The Las Vegas Grand Prix has reportedly been a huge financial success for both the sport and the local area with one casino boss describing it as “New Year’s Eve.”
F1 returned to Vegas after a 41-year hiatus and although things did not go entirely smoothly, the race on Saturday went a long way to turning around some people’s opinions.
But one of the main motivating factors for putting a race on in Vegas was the money on offer and it appears to have been a huge financial success.
F1 race beats forecasts for Las Vegas Super Bowl
The Vegas race was unusual in that unlike the other 21 venues this season, Formula 1 itself was the promoter meaning that while they took home a greater share of the profits, they also footed the bill.
All told, it cost F1 a suspected $500 million to get the race on including a $240m purchase of land to hold the pit building and paddock.
But according to The Athletic, the race generated substantially more income with a $1.2 billion boost for the Las Vegas area, double what the Super Bowl is predicted to bring in next year.
The race hosts also reported that every day was a sell-out meaning 105,000 people paid somewhere from $500 to $5,000 to watch the race. Even if fans could not afford a ticket, plenty tuned in at home with the 1.3 million viewers on ESPN beating the season average of 1.12 million.
So while the race did not go off without a hitch, the money it generated would have been enough in F1’s eyes to vindicate the decision.

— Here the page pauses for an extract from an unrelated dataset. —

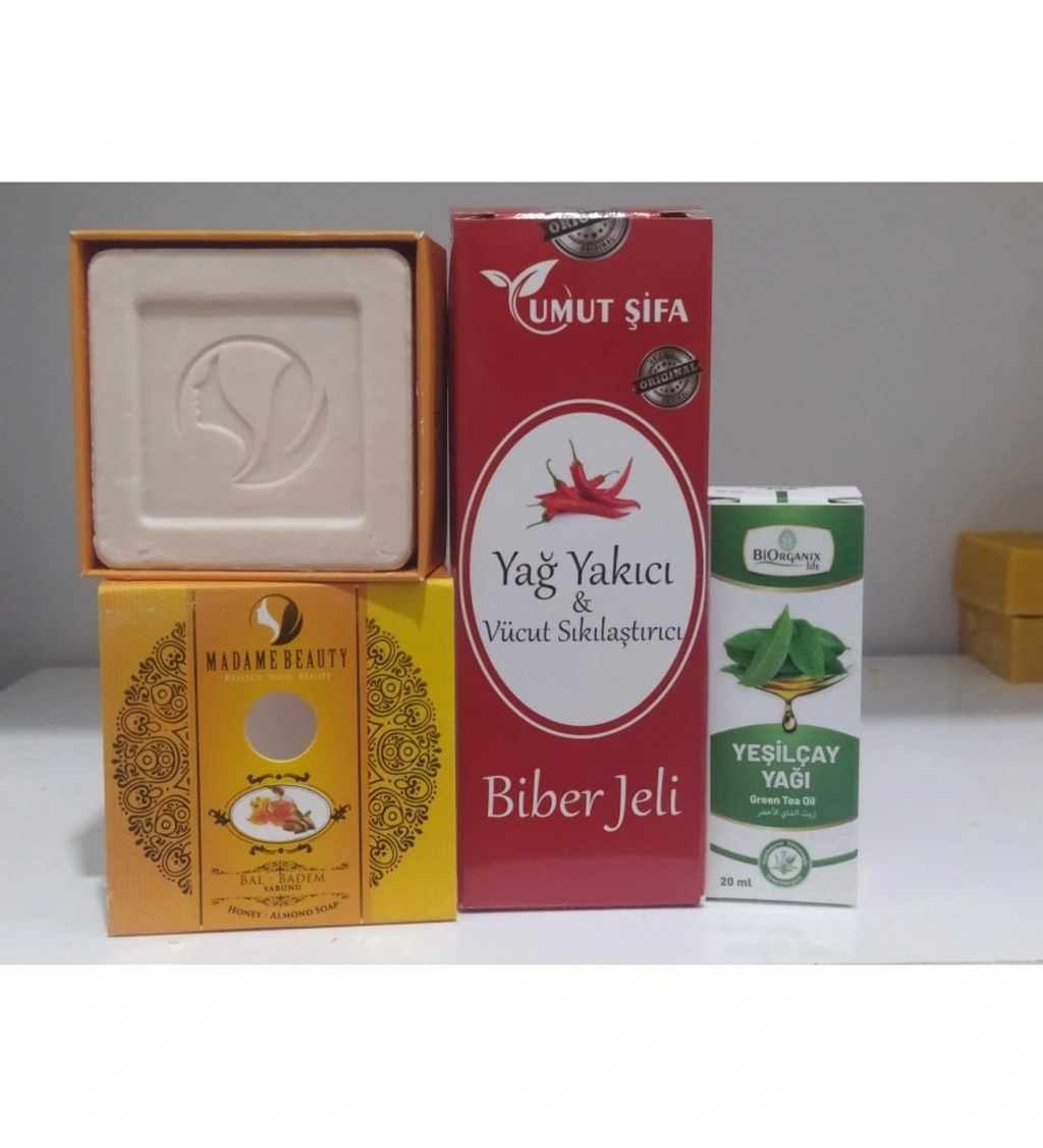 Yağ Yakıcı & Vücut Sıkılaştırıcı jel+ Bal-Badem Sabun + Yeşilçay Yağı

“For all those that were mumbling about the disruption and maybe local residents not being too happy with everyone being there, it was a bonanza night for the city of Las Vegas,” Sky F1 reporter Craig Slater said on the broadcaster’s podcast.

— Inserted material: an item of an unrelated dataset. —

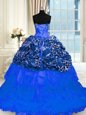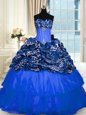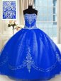 Glamorous Royal Blue Strapless Lace Up Beading and Embroidery 15 Quinceanera Dress Sleeveless
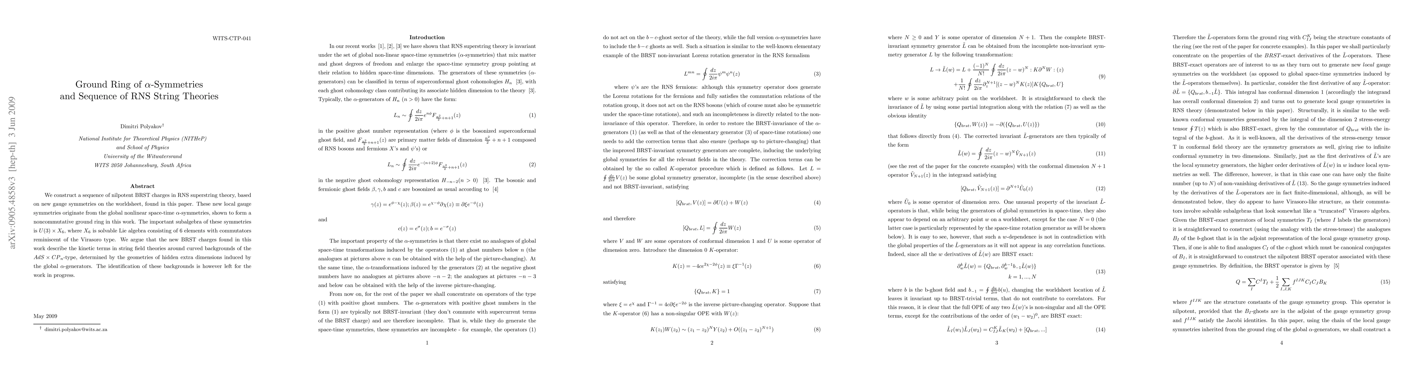 We construct a sequence of nilpotent BRST charges in RNS superstring theory, based on new gauge symmetries on the worldsheet, found in this paper. These new local gauge symmetries originate from the global nonlinear space-time $\alpha$-symmetries, shown to form a noncommutative ground ring in this work. The important subalgebra of these symmetries is $U(3)\times{X_6}$, where $X_6$ is solvable Lie algebra consisting of 6 elements with commutators reminiscent of the Virasoro type. We argue that the new BRST charges found in this work describe the kinetic terms in string field theories around curved backgrounds of the $AdS\times{CP}_n$-type, determined by the geometries of hidden extra dimensions induced by the global $\alpha$-generators. The identification of these backgrounds is however left for the work in progress.

“In economic terms, we won’t get the full financial results until the end of the year or when the casinos published the final quarter results for the new year but one casino boss described it as being like New Year’s Eve for the race weekend itself.
“So if they can have that every year with something approaching 100,000 people coming in, many of the big casinos were sold out with room rates by all accounts still pretty high, this is a success story for Las Vegas.
“No question, I think we will be there for the entirety of the contract and maybe beyond.”